Diversi i fattori di rischio che “predispongono” la futura mamma alla depressione nel corso della gravidanza e, successivamente, fino ad un anno dal parto. Sicuramente avere una avuta una storia di depressione nel passato può facilitare la comparsa del disturbo. La mancanza di sonno e l’intolleranza al dolore sono altri elementi da non sottovalutare. La stabilità può essere persa soprattutto in donne con una tendenza al perfezionismo e al controllo in quanto, proprio per l’ingestibilità della nuova condizione, diviene complicato guardare al cambiamento del proprio corpo e del proprio umore con la tranquillità razionale che meritano. Inoltre è fondamentale il contesto sociale in cui la futura mamma vive. Necessita della comprensione di coloro che la circondano, dell’empatia del proprio partner affinché possa non sentirsi sola in questo mutamento psicofisico.
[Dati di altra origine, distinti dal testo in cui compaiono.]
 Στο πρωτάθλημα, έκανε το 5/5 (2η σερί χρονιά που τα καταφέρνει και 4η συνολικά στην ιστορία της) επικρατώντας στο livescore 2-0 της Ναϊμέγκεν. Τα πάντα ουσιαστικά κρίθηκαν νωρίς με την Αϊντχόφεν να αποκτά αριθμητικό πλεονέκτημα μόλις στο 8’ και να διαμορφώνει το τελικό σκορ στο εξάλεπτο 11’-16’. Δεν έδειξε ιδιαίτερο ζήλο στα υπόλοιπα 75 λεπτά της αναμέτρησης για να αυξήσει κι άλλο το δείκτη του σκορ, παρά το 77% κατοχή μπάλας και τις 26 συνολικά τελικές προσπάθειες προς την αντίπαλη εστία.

Le ricerche hanno anche dimostrato che – nonostante l’incidenza maggiore venga riscontrata in donne da un livello socioeconomico più disagiato – sono in ascesa i dati di puerpere in depressione appartenenti ad una classe sociale medio-alta.
Bisogna anche accennare alla maternity blues. Si tratta di un disturbo parafisiologico che tocca tra il 50 e l’80 percento delle mamme. È imputabile alle variazioni ormonali a cui sono soggette nella settimana successiva al parto. È la fase dell’elaborazione del distacco dal feto e della coscienza della realtà del bambino e dei suoi bisogni. Lo “stress” può perdurare fino a tre settimane nelle donne non affette da depressione. Un’anamnesi psicopatologica positiva a questo disturbo potrebbe, infatti, far prolungare questa fase con gravi danni all’equilibrio della neomamma.
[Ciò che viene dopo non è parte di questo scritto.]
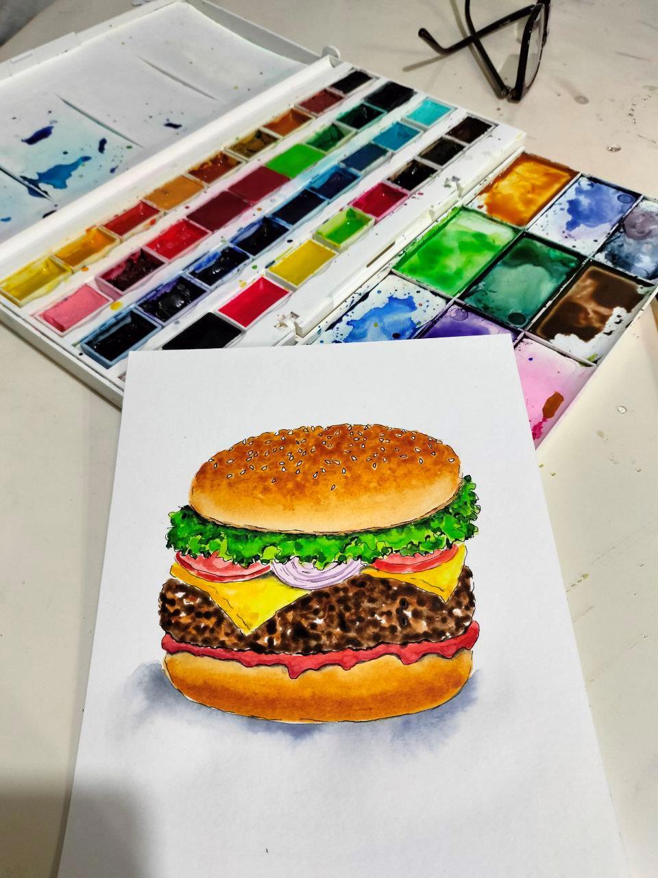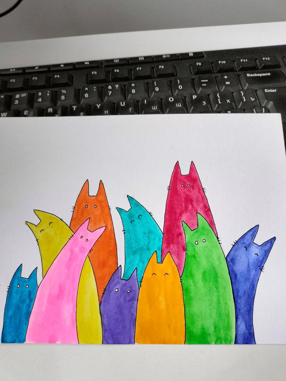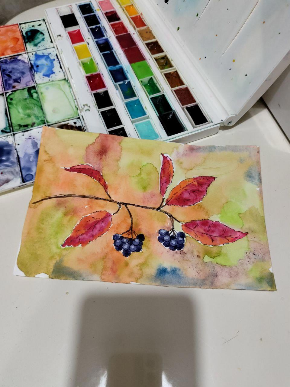 Зато хоть достала краски, добавила новые кюветки (снова не устояла от покупки, на этот раз - скидка от "Малевич"), и немного порисовала для антистресса и дзена. Рисунки послала друзьям по переписке.

“La depressione in gravidanza è un fenomeno molto frequente- conferma Irene Cetin, direttore dell’Unità operativa di ostetricia e ginecologia dell’ospedale Luigi Sacco- che può manifestarsi anche in donne in cui i fattori di rischio sono limitati o che non hanno avuto particolari problematiche durante tutto il periodo della maternità. Questo avviene, poiché la gravidanza è un momento in cui si verificano nel corpo della donna, forti alterazioni ormonali che la rendono particolarmente recettiva e sensibile agli eventi esterni, causando variazioni nel tono dell’umore con stati di tristezza, malinconia e pianto fino, nei casi più importanti, alla depressione. Con il parto, la donna diventa improvvisamente consapevole degli enormi cambiamenti avvenuti sia nel suo corpo, sia nella relazione emotivo- affettiva nella quale l’attenzione prima focalizzata su di sé viene proiettata interamente sul bambino, sia nella quotidianità ritrovandosi a gestire, spesso sola e senza supporto familiare, tutte le responsabilità e incombenze di una nuova vita. Condizioni tutte che aumentano le difficoltà ad accettare il ruolo di mamma“.